The Eric Garner and Michael Brown incidents have been blown up, in his mind, because of "irresponsible, sensationalistic media in the US" that he told me "is destroying your country". Michael Brown really should have just obeyed Darren Wilson. Eric Garner really wasn't choked to death. The protests about the Brown and Garner incidents need to stop and those engaged in them need to just get on with thier lives, he says. And, wait for it . . . he has gone along with the talking point that New York City Mayor Bill de Blasio "threw the NYPD under the bus" thus they were justified in turning their backs on him when he was speaking at the funerals of the two recently slain police officers. He also has accused several cop watchdog organizations of being "hate groups" (maybe a few of them truly are, but he seems to have conflated them all).

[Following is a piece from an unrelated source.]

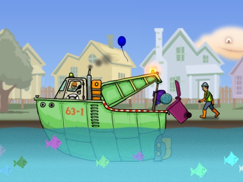 Ride along on a garbage boat on garbage day as it floats through a coastal neighborhood. Help the garbage man pick up the garbage cans. A real treat for those little garbage truck enthusiasts and a great way to encourage curiosity and interaction for all. Touch the driver and he honks the horn. Touch a cloud as it passes by and it smiles and hums. Touch the fish and they jump and splash! The neighborhood is interactive. When your child touches people, animals, or objects they make sounds and perform actions. Its like a moving story book!

People will believe what they want to. Each of us compartmentalizes our lives, our thinking, etc. Each of us is susceptible to cognitive biases that form our outlooks, although not all of us let those biases color our thinking equally. I've made plenty of wrong assumptions and have even had irrational thoughts before. Still, my exchanges with this fellow makes me wonder what can make one guy be a valiant champion in the struggle for a more fair and just society in one realm but also expend a lot of energy telling people that institutional racism and white privilege are things of the past and that any evidence to the contrary is not really evidence but is the result of biased studies that conclude what those who conduct the studies want to conclude? That racism in 2014 is nothing more than a few isolated instances of personal pettiness and ugliness? We may never know the answer to that, but this has been one of the most perplexing things I've seen.